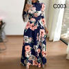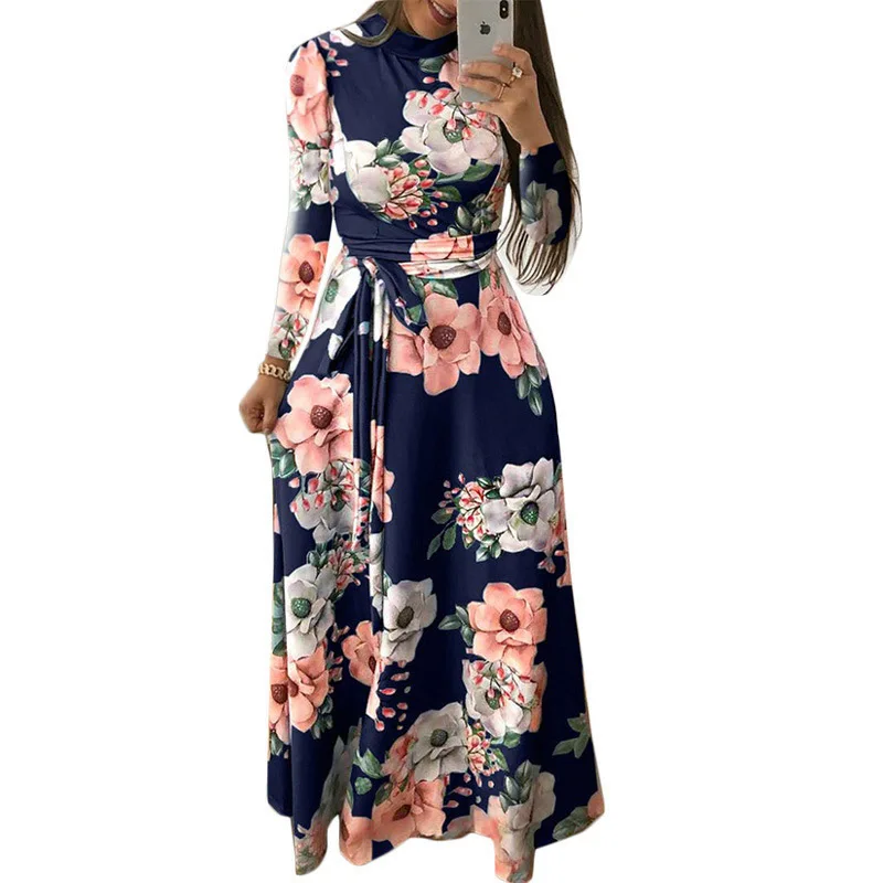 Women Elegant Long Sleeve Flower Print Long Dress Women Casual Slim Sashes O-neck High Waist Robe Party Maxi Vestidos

...

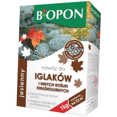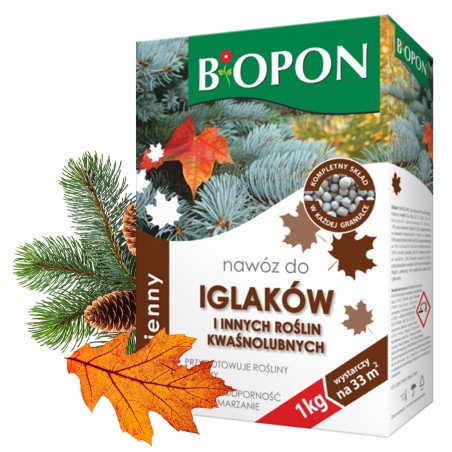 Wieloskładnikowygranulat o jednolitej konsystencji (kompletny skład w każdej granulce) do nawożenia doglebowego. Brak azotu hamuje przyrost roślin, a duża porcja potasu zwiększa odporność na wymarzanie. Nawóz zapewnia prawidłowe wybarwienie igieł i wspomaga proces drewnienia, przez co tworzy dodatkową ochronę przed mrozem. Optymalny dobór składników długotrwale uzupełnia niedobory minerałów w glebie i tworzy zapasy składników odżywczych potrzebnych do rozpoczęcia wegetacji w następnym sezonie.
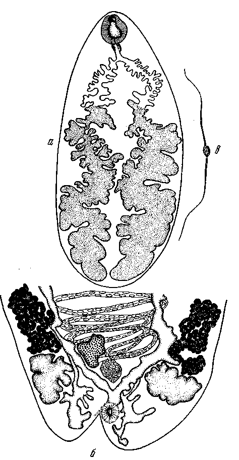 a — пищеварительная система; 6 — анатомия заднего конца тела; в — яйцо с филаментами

==

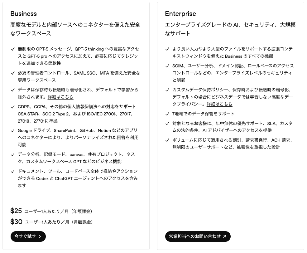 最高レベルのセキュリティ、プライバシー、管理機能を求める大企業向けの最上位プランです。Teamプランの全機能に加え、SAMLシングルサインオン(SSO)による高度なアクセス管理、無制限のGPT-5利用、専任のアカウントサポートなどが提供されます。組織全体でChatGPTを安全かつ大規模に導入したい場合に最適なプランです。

### Work required
Give again the stretch of the entries above that begins at the line with "Wieloskładnikowygranulat o jednolitej" and ends at the line with "a — пищеварительная", word for word, with no pictures.

### Result for this task
 Wieloskładnikowygranulat o jednolitej konsystencji (kompletny skład w każdej granulce) do nawożenia doglebowego. Brak azotu hamuje przyrost roślin, a duża porcja potasu zwiększa odporność na wymarzanie. Nawóz zapewnia prawidłowe wybarwienie igieł i wspomaga proces drewnienia, przez co tworzy dodatkową ochronę przed mrozem. Optymalny dobór składników długotrwale uzupełnia niedobory minerałów w glebie i tworzy zapasy składników odżywczych potrzebnych do rozpoczęcia wegetacji w następnym sezonie.
 a — пищеварительная система; 6 — анатомия заднего конца тела; в — яйцо с филаментами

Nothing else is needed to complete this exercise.